Про школу

Nov 05, 2012 21:58

Может быть , когда увижу его, то в первый момент сразу сравню его натуральное изображение с фотографией, выложенной в социальных сетях.
Вспомню некоторые особенности черт лица, заинтересовавшие меня при первом просмотре этой фотографии и сподвигло на воспоминания школьной поры, когда я впервые увидел его.
Поэтому сейчас в моей голове размещается вероятность нашей встречи на сходке однокласников двадцать лет спустя и я могу увидеть именно те моменты, которые заставят пристальней вглядеться в его лицо в частности, по-деталям, а потом посмотреть на общий его вид и еще раз в частности. Заглянуть в глаза, попробовать там отыскать всю его жизнь и разгадать загадку его существования.
Была надежда на новые, вновь выложенные фотографии, в которых, как тогда казалось, может открыться некоторая часть правды и прожитой человеком сущности. Увидеть его путь, представить всевозможные действия и поступки. При отсутствии данного, можно использовать интерьеры заднего фона фотографической картинки и включить тумблер логической фантазии.
Интересно было представить ключевые моменты пройденной жизни исследуемого. Те, которые стандартны для млекопитающего моего возраста, вне зависимости от географическо местоположения, среды развития и сопровождающего окружения.
Организм подчиняется природе. Желания, позывы, размышления и инстинктивные порывы всегда имеют одно направление в сторону увядания плоти, разжижения серого вещества и апатии ко всему, находящемся рядом. Пути к этому у каждого индивидуальны и имеют различную длину, но общее направление остается неизменным и не зависит ни от чьего желания.
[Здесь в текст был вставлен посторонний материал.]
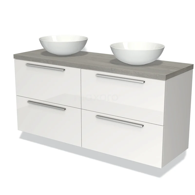 Modulo Plato Badmöbel mit Aufsatzwaschbecken | 140 cm Hochglanz Weiß Flach front Graue Eiche blatt 4 Schubladen

Единственное, что я помню про него в школьные годы, это грустное выражение его верхней части лица. Нет, не макушки, подростково закрученных в хаос волос, а именно рамка в которую помещены его карие глаза.
Любое действие, движение, фраза в его сторону или параллельно проходящая информация мимо его организма, позволяла сразу видеть по верхней его части лица уже грустный вывод о последствиях, любого конечного решения, которое находилось на тот момент в стадии поиска. Обсуждение интереснейшей темы могло сразу зайти в тупик в самом начале разговора, так как оратор по не знанию или нечаянно посмотрел ему в глаза и не смог вовремя отвести взгляд в пол. Он одним только незаметным движением полумесяца брови разрушал все воздушные, розовые, и конкретные, стопудовые мальчишеские начинания.
Если перед вам стоял выбор между “тем” и “этим”, и причем вы уже почти склонялись к “этому”, но задним умом понимали и скорее чувствовали, что все-таки выбранное, это не ваше, а ваше “то”, но обстоятельства в виде множества одновременно самых единственных друзей-советчиков склонили вас в эту сторону не в силах сдерживать натиск дружеских одобрений, то единственным и решающим выбором было пойти к нему и глядя прямо ему в глаза сразу перейти к терзающей юношескую плоть сути.
Слова, обозначающие приветствие были для него от нас лишними. Его выражение вселенской скорби на лице и горечь, постигших утрат за всю историю человечества уже проецировалось на его лице, как только он видел вас на дистанции и в ротовой позе вопроса.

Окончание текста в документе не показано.